God bless you, my dear, dear wife, and believe me with eagerness to clasp you to my heart, your ever faithful husband,
S. T. Coleridge.
XCVIII. TO THOMAS POOLE.
May 6, 1799, Monday morn.
My dear Poole, my dear Poole!—I am homesick. Society is a burden to me; and I find relief only in labour. So I read and transcribe from morning till night, and never in my life have I worked so hard as this last month, for indeed I must sail over an ocean of matter with almost spiritual speed, to do what I have to do in the time in which I will do it or leave it undone! O my God, how I long to be at home! My whole Being so yearns after you, that when I think of the moment of our meeting, I catch the fashion of German joy, rush into your arms, and embrace you. Methinks my hand would swell if the whole force of my feeling were crowded there. Now the Spring comes, the vital sap of my affections rises as in a tree! And what a gloomy Spring! But a few days ago all the new buds were covered with snow; and everything yet looks so brown and wintry, that yesterday the roses (which the ladies carried on the ramparts, their promenade), beautiful as they were, so little harmonized with the general face of nature, that they looked to me like silk and made roses. But these leafless Spring Woods! Oh, how I long to hear you whistle to the Rippers![200] There are a multitude of nightingales here (poor things! they sang in the snow). I thought of my own[201] verses on the nightingale, only because I thought of Hartley, my only Child. Dear lamb! I hope he won’t be dead before I get home. There are moments in which I have such a power of life within me, such a conceit of it, I mean, that I lay the blame of my child’s death to my absence. Not intellectually; but I have a strange sort of sensation, as if, while I was present, none could die whom I entirely loved, and doubtless it was no absurd idea of yours that there may be unions and connections out of the visible world.
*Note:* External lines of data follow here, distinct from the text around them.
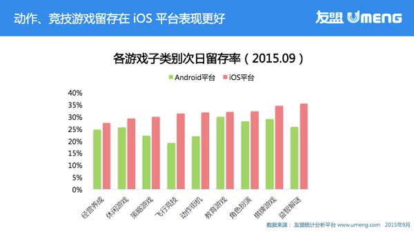 2015年,策略、角色扮演类等玩法偏重的游戏启动更加频繁,这些类别的活跃玩家单日启动次数超过6次。友盟分析主要原因是,一方面游戏开发商利用产品设计,比如炫酷的画面、关卡、特效等来提升玩家的黏性;另一方面,对于动作、竞技和策略游戏来说,iOS的设备流畅体验使得玩家更倾向频繁回访。
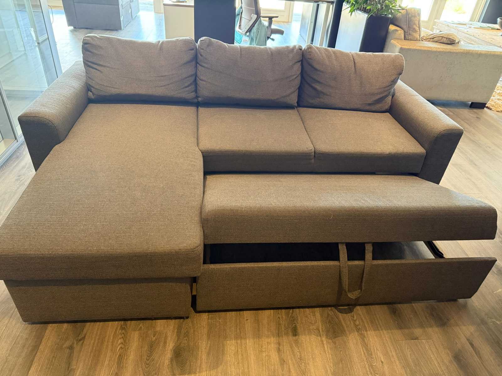 Bedden zijn nieuw gekocht in 2025 zie foto van factuur, nieuwprijs per stuk bij Leen Bakker is € 649,- afmeting slaapgedeelte 132 x 187 cm en geïntegreerde opbergruimte, slaapbank bestaat uit twee delen en losse kussens. Merk: Turijn Lengte: 215cm Breedte: 145cm Hoogte: 82cm Zithoogte: 46cm Materiaal: Stof
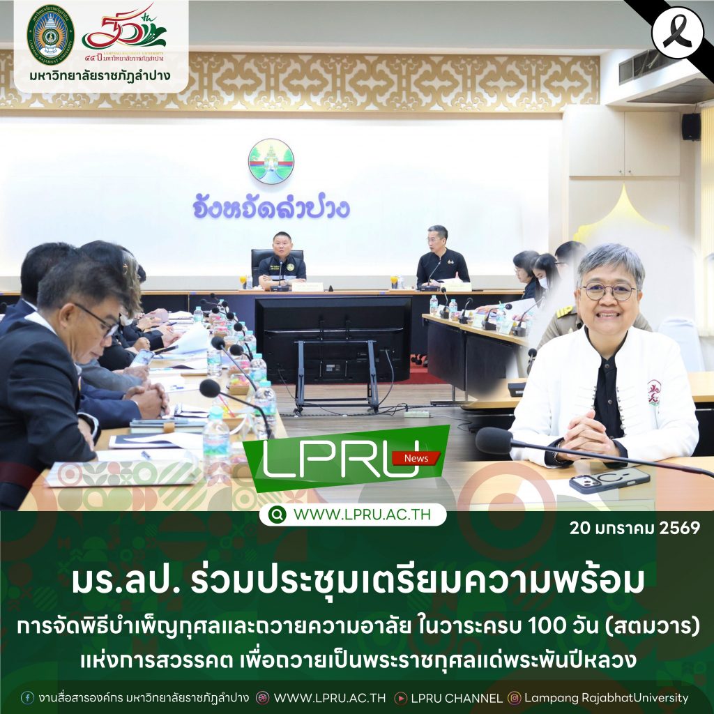 เมื่อวันที่ 20 มกราคม 2569 ผศ.สุวรรณี จันทร์ตา รองอธิการบดีฝ่ายวิชาการ ร่วมประชุมเตรียมความพร้อมการจัดพิธีบำเพ็ญกุศลและถวายความอาลัย ในวาระครบ 100 วัน (สตมวาร) แห่งการสวรรคต เพื่อถวายเป็นพระราชกุศลแด่สมเด็จพระนางเจ้าสิริกิติ์ พระบรมราชินีนาถ พระบรมราชชนนีพันปีหลวง ณ ห้องประชุมอาลัมภางค์ ชั้น 4 ศาลากลางจังหวัดลำปาง โดยมี นายวิวัฒน์ อินทร์ไทยวงศ์ ผู้ว่าราชการจังหวัดลำปาง เป็นประธานการประชุม

Wordsworth and his sister passed through here, as I have informed you. I walked on with them five English miles, and spent a day with them. They were melancholy and hypped. W. was affected to tears at the thought of not being near me—wished me of course to live in the North of England near Sir Frederick Vane’s great library.[202] I told him that, independent of the expense of removing, and the impropriety of taking Mrs. Coleridge to a place where she would have no acquaintance, two insurmountable objections, the library was no inducement to me—for I wanted old books chiefly, such as could be procured anywhere better than in a gentleman’s new fashionable collection. Finally I told him plainly that you had been the man in whom first and in whom alone I had felt an anchor! With all my other connections I felt a dim sense of insecurity and uncertainty, terribly incompatible. W. was affected to tears, very much affected; but he deemed the vicinity of a library absolutely necessary to his health, nay to his existence. It is painful to me, too, to think of not living near him; for he is a good and kind man, and the only one whom in all things I feel my superior—and you will believe me when I say that I have few feelings more pleasurable than to find myself, in intellectual faculties, an inferior.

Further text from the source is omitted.